This study was a two‐class classification problem, where cases were classified as likely DPD deficient (true positives) and likely not DPD deficient (true negatives). Cases were classified as DPD deficient (true positives) where the MedDRA term “dihydropyrimidine dehydrogenase deficiency” was reported as a reaction, or medical history, or a test result was reported, suggestive of DPD deficiency.
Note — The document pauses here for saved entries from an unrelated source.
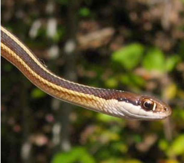
White Upper Lip Mahogany Head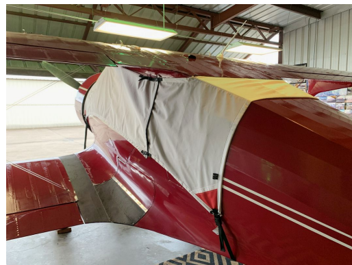
Beech Staggerwing D17S Canopy Cover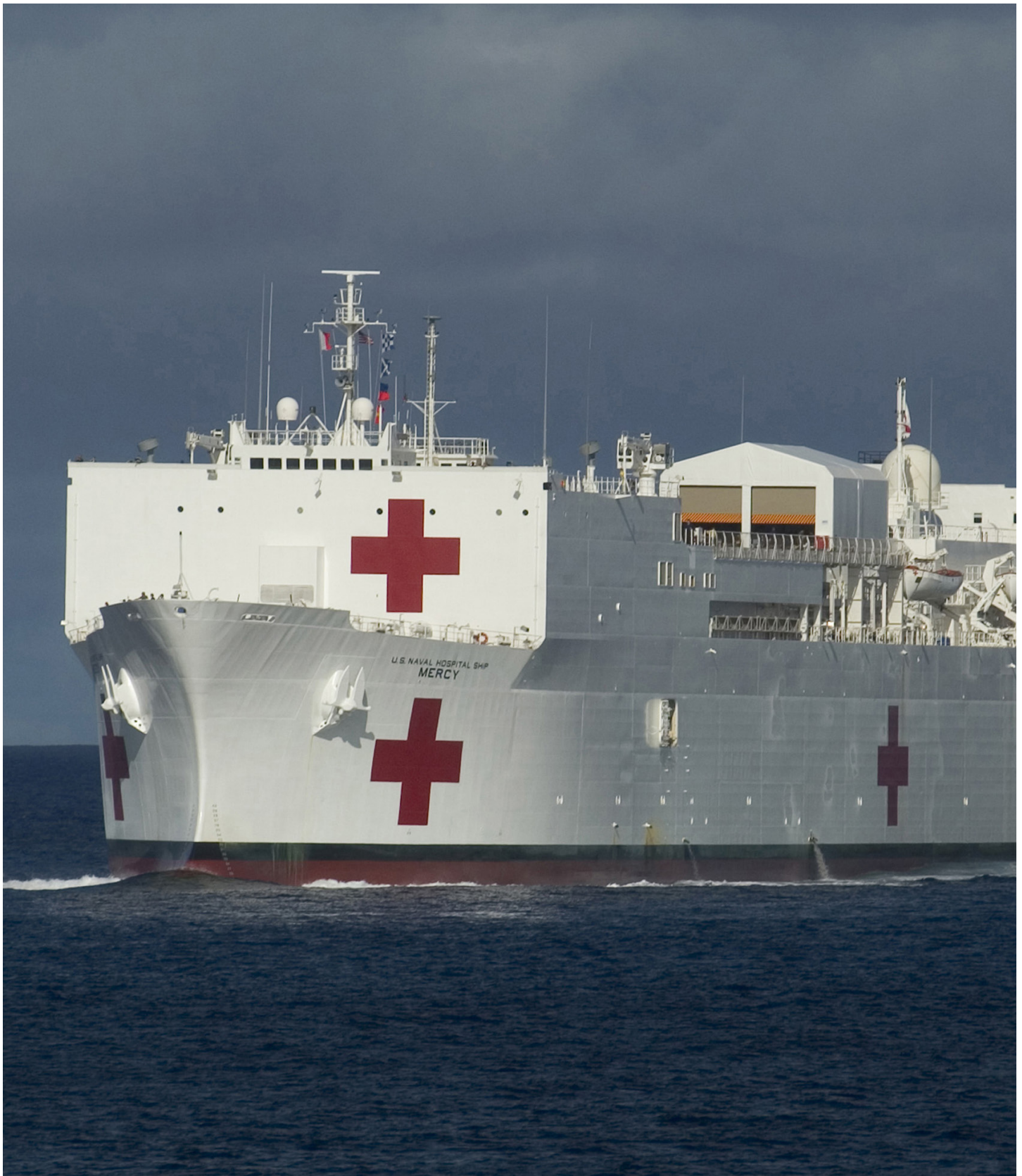
U.S. Naval Hospital Ship Mercy at sea.

There were very few cases of individuals where normal DPD activity is reported as such in the database (i.e., DPD laboratory testing reported in the case did not suggest deficiency). Thus, likely non‐DPD‐deficient cases were defined as case reports of medicinal products used in similar indications as fluorouracil and fluorouracil‐related substances, but which do not have a DPD interaction. Trastuzumab, pembrolizumab, docetaxel, and irinotecan were used. Non‐DPD‐deficient cases were randomly selected on a 1:4 relation. This means that for each DPD‐deficient case, four non‐DPD‐deficient cases were assigned.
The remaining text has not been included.